KYIV, Ukraine — Artillery barrages along a section of the front line near an imperiled nuclear power plant in southern Ukraine struck towns, ammunition dumps and a Russian military base in intense fighting overnight, Ukrainian officials said on Sunday.

Reports of fighting all along the southern front suggested that neither side was pausing hostilities, even amid complex negotiations to allow for a team of scientists from the International Atomic Energy Agency to visit the Zaporizhzhia nuclear plant, which has been repeatedly damaged by recent shelling. The plant is controlled by the Russian military but operated by Ukrainian engineers.

The I.A.E.A. said Sunday that talks were ongoing with the goal of sending a team to the plant “in the next few days,” noting that the latest shelling “once again underlined the risk of a potential nuclear accident.”

The team would assess physical damage to the plant, determine whether the main and backup safety and security systems were functional and evaluate the staff’s working conditions, the I.A.E.A. said in a statement.

Russian forces fired rocket artillery and howitzers overnight at the Ukraine-controlled town of Nikopol, across from the plant on the opposite side of the Dnipro River, which separates the two armies in the area, a local military official, Valentin Reznichenko, said. The strikes damaged several houses and cars and knocked out electricity for 1,500 residents, he said in a post on the Telegram social networking site.

In a separate assault on the town, Russian helicopters fired rockets, according to the Ukrainian military, which reported damage to a house but no casualties.

The Russian Defense Ministry said its Air Force had hit Ukrainian workshops where helicopters were being repaired in the surrounding Zaporizka region, according to the Russian state news agency RIA Novosti. The claim could not be independently verified.

Artillery shells have already hit the Zaporizhzhia nuclear plant, damaging auxiliary equipment and power lines but not the reactors. The strikes — for which each side blames the other — have stirred fears of a radiation release if combat rages on in this area, an expanse of farm fields along the banks of the Dnipro.

After fighting severed one high-tension electrical line last week, operators in the control rooms implemented emergency procedures to cool the reactor cores with pumps powered by diesel generators. The electrical line has since been repaired.

In a sign of mounting worry over a possible radiation release in a country still haunted by the 1986 Chernobyl disaster, a Ukrainian official announced on Saturday that the government would distribute a drug, potassium iodide, that can protect against some radiation poisoning, to people within 35 miles of the plant.

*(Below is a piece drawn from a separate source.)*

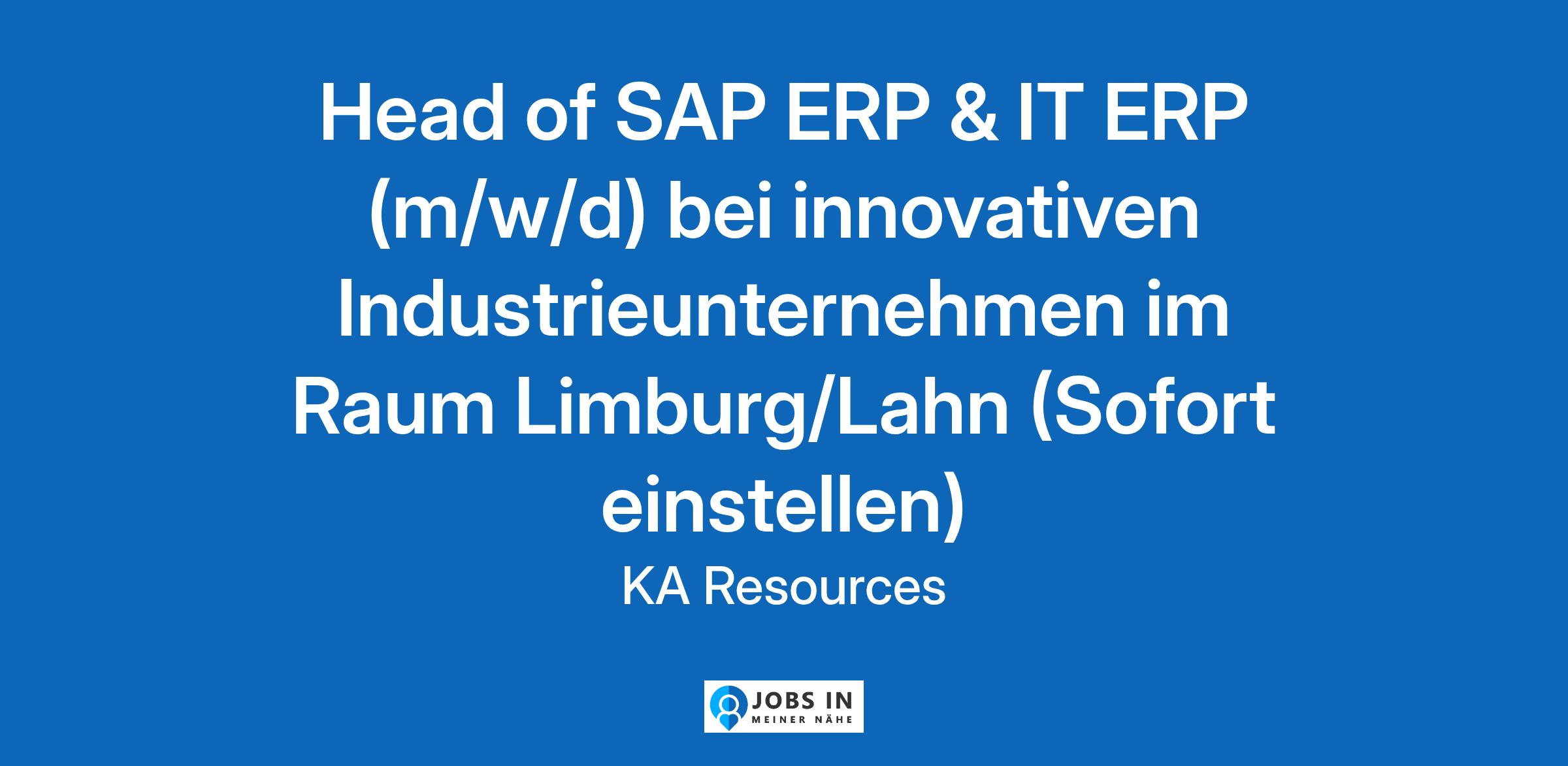 Ein marktfhrendes internationales Industrieunternehmen sucht eine/n Head of SAP ERP & IT ERP. Das Unternehmen ist bekannt fr Qualitt, Integritt und Kundennhe. Mit rund 1.100 Mitarbeitenden an mehr als 20 Standorten weltweit legt es Wert auf Umweltschutz, Nachhaltigkeit, Teamgeist und persnliche Weiterentwicklung der Mitarbeiter. Die Position wird in der Zentrale besetzt und umfasst internationale Projekte im Umfeld von SAP ERP und weiteren ERP-Systemen.

Plant employees and outside experts say an artillery strike would not penetrate the yard-thick reinforced concrete of the containment vessels over the sites’ six reactors, but could damage the reactors’ complex supporting equipment or spark fires that could burn out of control. Artillery strikes could also breach less robust containers used to store spent nuclear fuel.

Ukrainian forces also reported striking targets behind Russian lines in occupied areas of southern Ukraine. The Ukrainian military claimed to have hit two Russian ammunition dumps in Kherson Province.

On the east bank of the Dnipro, a massive explosion early on Sunday shook windows and caused plaster to rain down from ceilings in the Russia-controlled city of Melitopol, according to the city’s exiled Ukrainian mayor, Ivan Fedorov.

Mr. Fedorov said the explosion had destroyed “one of the largest enemy military bases,” although the claim could not be verified. The base, he said, had been set up on the grounds of a factory complex.